(Beginning of Collected material)

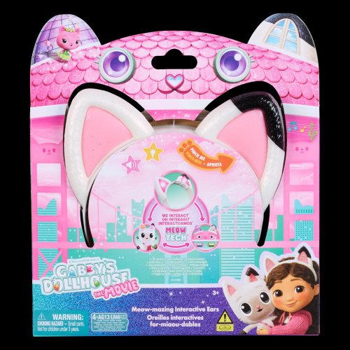 Úžasná dobrodružství začínají s interaktivní čelenkou – Gábininými úžasnými kočičími oušky! Tato 16,5 cm vysoká čelenka vypadá přesně jako Gábinina ikonická ouška a je jako stvořená pro vstup do jejího kouzelného světa. Čelenka má více než 20 zvukových efektů, světel a zvuků aktivovaných pohybem a inspiruje k nekonečnému hraní. Děti mohou zmáčknout levé nebo pravé ouško a přepínat mezi třemi zábavnými režimy: Taneční párty, režim Gábiny a Kočičí režim. Interaktivní ouška Gábiny navíc obsahují technologii Meow Tech – speciální funkci, která umožňuje propojení s interaktivním domečkem a interaktivní plyšovou Pandou Ťapkou pro ještě úžasnější propojenou hru! Ať už jde o narozeniny, Vánoce nebo jen kouzelnou hru na postavy z filmu, tato čelenka je skvělým způsobem, jak děti podpořit v tvořivé hře a vtáhnout je do úžasného světa Gábinina kouzelného domku s těmito roztomilými hračkami. Hračky z Gábinina kouzelného domku jsou jako stvořené pro děti, které si chtějí znovu prožít oblíbené chvíle z filmu o Gábině, nebo si vytvářet nová dobrodružství v jejím kouzelném domečku. Najdete tu hračky pro nejmenší– od doplňků do domečku a nábytku až po její mňau-skvělé kočičí kamarády a úžasné mořské víly. Každá hračka (prodávaná samostatně) nabízí hodiny a hodiny úžasné zábavy
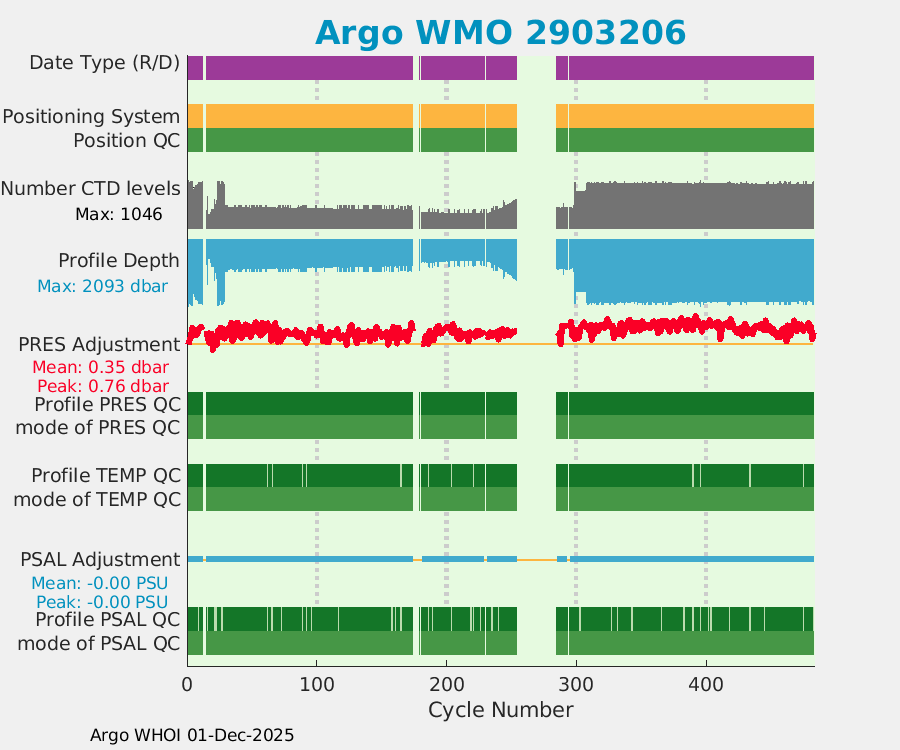 | WMO: #5905358 DAC: aoml PI: STEPHEN RISER APEX: #7926 SBE41CP: #8873 DRUCK_2900PSIA: #10391804 Altimeter Comparison (IFREMER) EuroArgo Link | ![]() |
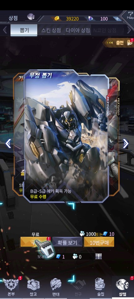 기체도 구매해야 합니다. 기체도 첫 번째는 무료로 구매하였습니다.

(End of Collected material)

### Instructions for the task
Return the listing above in full and without alteration, excluding its pictures.

### Answer to this task
 Úžasná dobrodružství začínají s interaktivní čelenkou – Gábininými úžasnými kočičími oušky! Tato 16,5 cm vysoká čelenka vypadá přesně jako Gábinina ikonická ouška a je jako stvořená pro vstup do jejího kouzelného světa. Čelenka má více než 20 zvukových efektů, světel a zvuků aktivovaných pohybem a inspiruje k nekonečnému hraní. Děti mohou zmáčknout levé nebo pravé ouško a přepínat mezi třemi zábavnými režimy: Taneční párty, režim Gábiny a Kočičí režim. Interaktivní ouška Gábiny navíc obsahují technologii Meow Tech – speciální funkci, která umožňuje propojení s interaktivním domečkem a interaktivní plyšovou Pandou Ťapkou pro ještě úžasnější propojenou hru! Ať už jde o narozeniny, Vánoce nebo jen kouzelnou hru na postavy z filmu, tato čelenka je skvělým způsobem, jak děti podpořit v tvořivé hře a vtáhnout je do úžasného světa Gábinina kouzelného domku s těmito roztomilými hračkami. Hračky z Gábinina kouzelného domku jsou jako stvořené pro děti, které si chtějí znovu prožít oblíbené chvíle z filmu o Gábině, nebo si vytvářet nová dobrodružství v jejím kouzelném domečku. Najdete tu hračky pro nejmenší– od doplňků do domečku a nábytku až po její mňau-skvělé kočičí kamarády a úžasné mořské víly. Každá hračka (prodávaná samostatně) nabízí hodiny a hodiny úžasné zábavy
 | WMO: #5905358 DAC: aoml PI: STEPHEN RISER APEX: #7926 SBE41CP: #8873 DRUCK_2900PSIA: #10391804 Altimeter Comparison (IFREMER) EuroArgo Link | ![]() |
 기체도 구매해야 합니다. 기체도 첫 번째는 무료로 구매하였습니다.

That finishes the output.